Action item = When you reach the line containing "Tafeldecoratie zeil in" in the data below, begin returning lines exactly as written, and stop once the line containing "1)驅(qū)動裝置:采用擺" has been returned.

Extracted entries =
=== Section Start ===

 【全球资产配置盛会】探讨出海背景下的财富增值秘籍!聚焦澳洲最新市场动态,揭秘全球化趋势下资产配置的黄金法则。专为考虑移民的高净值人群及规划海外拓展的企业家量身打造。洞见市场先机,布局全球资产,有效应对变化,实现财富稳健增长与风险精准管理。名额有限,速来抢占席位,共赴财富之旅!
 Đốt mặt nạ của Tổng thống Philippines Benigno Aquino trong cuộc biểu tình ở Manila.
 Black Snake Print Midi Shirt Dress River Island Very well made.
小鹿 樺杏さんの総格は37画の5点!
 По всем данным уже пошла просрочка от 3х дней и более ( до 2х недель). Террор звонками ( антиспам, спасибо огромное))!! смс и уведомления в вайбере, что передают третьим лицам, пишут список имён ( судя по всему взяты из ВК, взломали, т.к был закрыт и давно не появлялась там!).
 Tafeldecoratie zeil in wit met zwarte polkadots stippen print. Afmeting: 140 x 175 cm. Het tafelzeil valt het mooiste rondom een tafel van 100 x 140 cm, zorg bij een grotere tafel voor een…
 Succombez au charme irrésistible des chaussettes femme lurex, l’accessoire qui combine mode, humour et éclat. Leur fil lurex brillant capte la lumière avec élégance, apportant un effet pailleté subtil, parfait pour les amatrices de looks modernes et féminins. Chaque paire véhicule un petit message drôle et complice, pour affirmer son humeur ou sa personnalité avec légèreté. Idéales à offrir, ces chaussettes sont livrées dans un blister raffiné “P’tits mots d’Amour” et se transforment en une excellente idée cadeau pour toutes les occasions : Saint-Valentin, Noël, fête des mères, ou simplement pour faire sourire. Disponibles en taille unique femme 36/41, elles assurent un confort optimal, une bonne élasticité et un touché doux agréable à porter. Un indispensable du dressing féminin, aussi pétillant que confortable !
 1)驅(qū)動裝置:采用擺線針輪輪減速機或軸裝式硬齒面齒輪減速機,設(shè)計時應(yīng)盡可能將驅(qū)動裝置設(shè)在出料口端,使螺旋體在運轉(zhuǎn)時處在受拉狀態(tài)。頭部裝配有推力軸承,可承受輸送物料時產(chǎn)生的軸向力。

=== Section End ===
=== Section Start ===

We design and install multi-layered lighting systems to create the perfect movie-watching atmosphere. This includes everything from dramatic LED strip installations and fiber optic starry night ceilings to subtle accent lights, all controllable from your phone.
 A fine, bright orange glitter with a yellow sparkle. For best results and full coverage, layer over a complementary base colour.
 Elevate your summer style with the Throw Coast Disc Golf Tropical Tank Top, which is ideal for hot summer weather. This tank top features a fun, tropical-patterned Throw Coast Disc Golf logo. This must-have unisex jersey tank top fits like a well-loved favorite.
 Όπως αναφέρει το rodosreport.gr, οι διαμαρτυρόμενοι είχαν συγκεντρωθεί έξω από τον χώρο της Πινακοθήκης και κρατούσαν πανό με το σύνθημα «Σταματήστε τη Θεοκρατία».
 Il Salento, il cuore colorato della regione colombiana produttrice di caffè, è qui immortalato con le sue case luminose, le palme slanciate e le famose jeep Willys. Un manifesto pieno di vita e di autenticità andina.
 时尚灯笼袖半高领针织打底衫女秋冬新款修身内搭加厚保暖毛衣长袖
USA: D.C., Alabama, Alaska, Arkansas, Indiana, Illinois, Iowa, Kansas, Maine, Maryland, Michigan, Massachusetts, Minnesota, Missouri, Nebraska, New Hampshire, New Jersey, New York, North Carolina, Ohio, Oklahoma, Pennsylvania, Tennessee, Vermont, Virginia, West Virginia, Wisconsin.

=== Section End ===

Result of the task =
 Tafeldecoratie zeil in wit met zwarte polkadots stippen print. Afmeting: 140 x 175 cm. Het tafelzeil valt het mooiste rondom een tafel van 100 x 140 cm, zorg bij een grotere tafel voor een…
 Succombez au charme irrésistible des chaussettes femme lurex, l’accessoire qui combine mode, humour et éclat. Leur fil lurex brillant capte la lumière avec élégance, apportant un effet pailleté subtil, parfait pour les amatrices de looks modernes et féminins. Chaque paire véhicule un petit message drôle et complice, pour affirmer son humeur ou sa personnalité avec légèreté. Idéales à offrir, ces chaussettes sont livrées dans un blister raffiné “P’tits mots d’Amour” et se transforment en une excellente idée cadeau pour toutes les occasions : Saint-Valentin, Noël, fête des mères, ou simplement pour faire sourire. Disponibles en taille unique femme 36/41, elles assurent un confort optimal, une bonne élasticité et un touché doux agréable à porter. Un indispensable du dressing féminin, aussi pétillant que confortable !
 1)驅(qū)動裝置:采用擺線針輪輪減速機或軸裝式硬齒面齒輪減速機,設(shè)計時應(yīng)盡可能將驅(qū)動裝置設(shè)在出料口端,使螺旋體在運轉(zhuǎn)時處在受拉狀態(tài)。頭部裝配有推力軸承,可承受輸送物料時產(chǎn)生的軸向力。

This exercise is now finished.